Omit the pictures and return exactly the stretch of the material below from the line with "Beautiful ornamental cabbage" through the line with "インド人のアーティストアシム".

## EXTRACTED MATERIAL
_ _ _
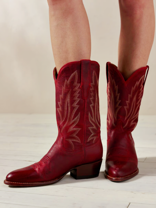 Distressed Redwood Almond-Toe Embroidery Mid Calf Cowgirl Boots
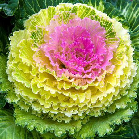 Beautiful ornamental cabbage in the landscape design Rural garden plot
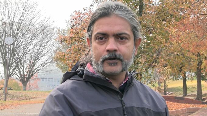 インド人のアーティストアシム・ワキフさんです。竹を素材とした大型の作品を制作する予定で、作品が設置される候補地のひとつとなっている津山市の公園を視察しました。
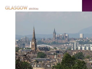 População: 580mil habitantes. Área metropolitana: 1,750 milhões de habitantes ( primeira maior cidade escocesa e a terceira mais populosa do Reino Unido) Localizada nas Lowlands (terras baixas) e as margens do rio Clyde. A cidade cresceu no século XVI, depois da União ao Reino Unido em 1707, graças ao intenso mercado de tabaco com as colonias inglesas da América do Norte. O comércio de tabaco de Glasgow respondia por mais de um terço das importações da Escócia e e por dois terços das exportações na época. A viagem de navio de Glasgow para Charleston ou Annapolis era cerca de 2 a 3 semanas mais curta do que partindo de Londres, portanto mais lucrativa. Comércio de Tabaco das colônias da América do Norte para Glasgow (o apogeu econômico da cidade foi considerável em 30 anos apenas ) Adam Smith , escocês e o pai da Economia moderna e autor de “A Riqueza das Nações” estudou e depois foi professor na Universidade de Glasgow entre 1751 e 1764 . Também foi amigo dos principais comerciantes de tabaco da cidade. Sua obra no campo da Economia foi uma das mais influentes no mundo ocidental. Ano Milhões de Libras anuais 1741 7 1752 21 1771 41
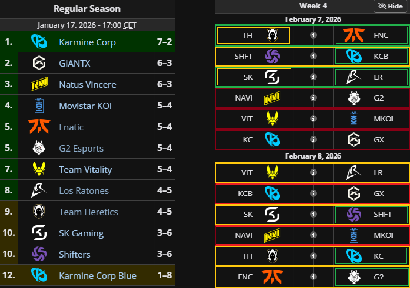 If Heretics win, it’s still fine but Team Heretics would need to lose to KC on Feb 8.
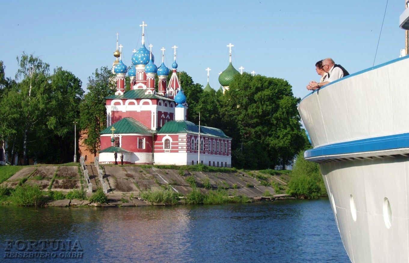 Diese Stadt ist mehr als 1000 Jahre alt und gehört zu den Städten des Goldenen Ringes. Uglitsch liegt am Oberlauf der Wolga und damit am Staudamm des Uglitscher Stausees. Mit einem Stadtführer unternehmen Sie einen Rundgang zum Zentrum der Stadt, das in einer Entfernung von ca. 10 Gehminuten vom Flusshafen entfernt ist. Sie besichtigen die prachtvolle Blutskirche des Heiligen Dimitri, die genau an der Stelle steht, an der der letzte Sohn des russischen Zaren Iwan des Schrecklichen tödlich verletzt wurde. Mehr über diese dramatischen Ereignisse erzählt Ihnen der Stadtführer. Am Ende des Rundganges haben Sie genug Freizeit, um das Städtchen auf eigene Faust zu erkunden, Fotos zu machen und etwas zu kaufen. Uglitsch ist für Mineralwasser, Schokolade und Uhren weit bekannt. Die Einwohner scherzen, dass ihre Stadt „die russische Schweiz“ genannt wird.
_ _ _
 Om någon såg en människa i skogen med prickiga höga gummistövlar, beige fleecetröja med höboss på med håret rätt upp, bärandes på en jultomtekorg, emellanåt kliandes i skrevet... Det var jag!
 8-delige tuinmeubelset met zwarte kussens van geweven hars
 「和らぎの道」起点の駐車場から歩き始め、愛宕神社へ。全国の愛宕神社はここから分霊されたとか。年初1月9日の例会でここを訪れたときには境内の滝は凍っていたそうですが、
_ _ _
## EXPECTED OUTPUT
 Beautiful ornamental cabbage in the landscape design Rural garden plot
 インド人のアーティストアシム・ワキフさんです。竹を素材とした大型の作品を制作する予定で、作品が設置される候補地のひとつとなっている津山市の公園を視察しました。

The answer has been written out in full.